For the proportion of the 65-year-old variable, the direct impact on the hospitalization rate was 0.34, and the indirect impact was -0.83. And for the illiteracy rate, its impact on the hospitalization rate was impacted by indirect effects (1.39) and total effects (1.34). Meanwhile, for the average number of outpatients visits, the impact of the proportion of 65-year-olds on it was also mainly reflected by the indirect effect (-0.49). For the illiteracy rate, the direct, indirect, and total influence values of the number of outpatient visits were 0.08, 0.68, and 0.76 respectively.

Spatial spillover effect of enabling factors

The direct, indirect, and total effects of the logarithm of GDP per capita on the hospitalization rate were 1.93, 4.46, and 6.39, and the number of outpatient visits were 1.29, 2.50, and 3.79. Meanwhile, for every 1% increase in the percentage of medical insurance participants, the direct effect of local hospitalization will increase by 0.02%, the adjacent area will decrease by 0.06%, and the total effect will decrease by 0.04%. For the health resources index rate, the direct, indirect, and total influence values of the resident hospitalization rate were 2.09, 1.60, and 3.69 respectively.

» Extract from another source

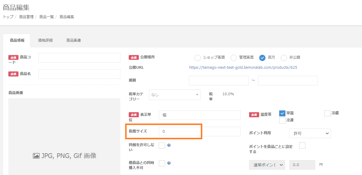 該当の商品の編集画面にて、商品ごとに任意の「仮想サイズ」をご入力ください。

Spatial spillover effect of need factors

For perinatal mortality, its impact on the hospitalization rate was impacted by indirect effects (-0.89), and total effects( -1.11).

Discussion

By using data from China Statistical Yearbook (2010–2021), this study provided comprehensive estimates of health services utilization at the provincial level in China. We found health services utilization was a variable varied by region and should be considered in a geographic context.

Spatial variations of health services utilization

During 2010 − 2020, the overall health services utilization in China has risen steadily, which was closely related to improvement in socioeconomic and medical conditions, new policy, health care reform and population aging, and social health insurance system [32,33,34]. The increase in the use of health services in the southwest region, especially the hospitalization rate, is more pronounced and clustered. This may be mainly because since 2010, the population gravity centers and economic gravity centers have moved to the southwest [35], and economic development and population movement have promoted the use of health services. At the same time, the utilization of health services in northern is generally lower than that in southern China, and this difference may be due to the medical efficiency gradual enhancement from north to south [36].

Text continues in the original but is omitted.